*** Data Section Begins ***
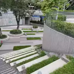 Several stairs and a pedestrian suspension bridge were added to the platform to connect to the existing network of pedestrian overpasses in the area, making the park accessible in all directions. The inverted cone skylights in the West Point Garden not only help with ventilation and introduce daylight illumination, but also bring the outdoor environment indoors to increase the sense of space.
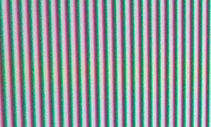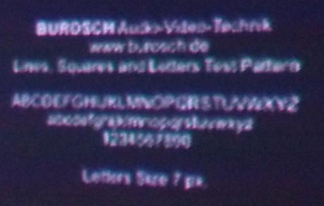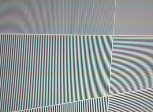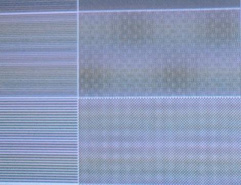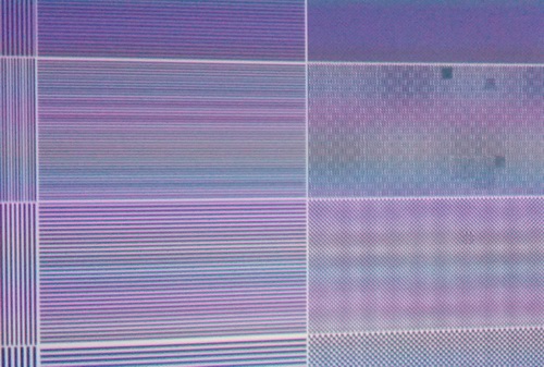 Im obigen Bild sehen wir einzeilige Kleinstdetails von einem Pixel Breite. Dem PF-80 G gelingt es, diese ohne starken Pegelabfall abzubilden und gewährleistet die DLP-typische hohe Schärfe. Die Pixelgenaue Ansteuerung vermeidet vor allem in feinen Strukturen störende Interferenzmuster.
*** Data Section Ends ***
*** Data Section Begins ***
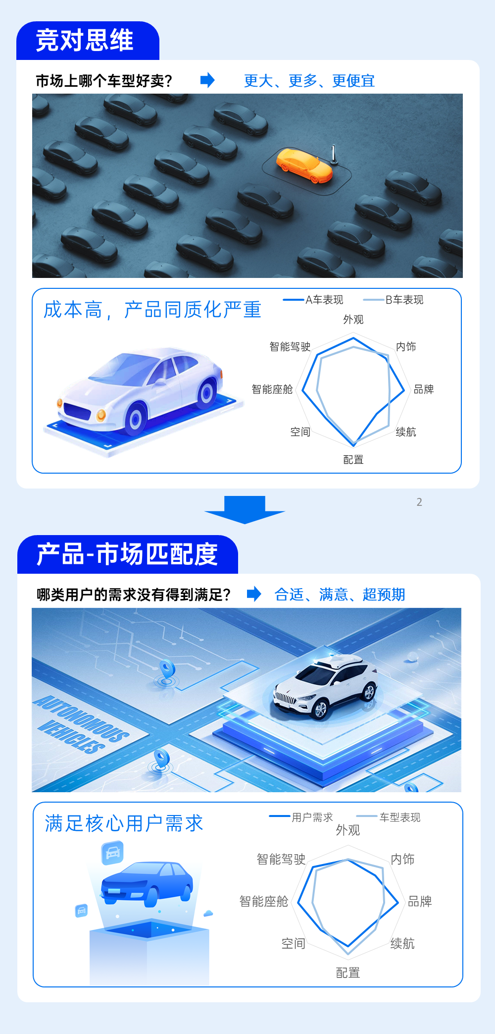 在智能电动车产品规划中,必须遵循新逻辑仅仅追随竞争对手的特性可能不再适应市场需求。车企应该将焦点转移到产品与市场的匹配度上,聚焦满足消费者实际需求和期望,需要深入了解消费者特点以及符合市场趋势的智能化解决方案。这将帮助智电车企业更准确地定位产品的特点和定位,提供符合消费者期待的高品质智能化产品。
*** Data Section Ends ***
In the listing above, find the line with "Several stairs and" and output every line through the one with "Im obigen Bild", exactly, without the pictures.

:: Output for this task ::
 Several stairs and a pedestrian suspension bridge were added to the platform to connect to the existing network of pedestrian overpasses in the area, making the park accessible in all directions. The inverted cone skylights in the West Point Garden not only help with ventilation and introduce daylight illumination, but also bring the outdoor environment indoors to increase the sense of space.
 Im obigen Bild sehen wir einzeilige Kleinstdetails von einem Pixel Breite. Dem PF-80 G gelingt es, diese ohne starken Pegelabfall abzubilden und gewährleistet die DLP-typische hohe Schärfe. Die Pixelgenaue Ansteuerung vermeidet vor allem in feinen Strukturen störende Interferenzmuster.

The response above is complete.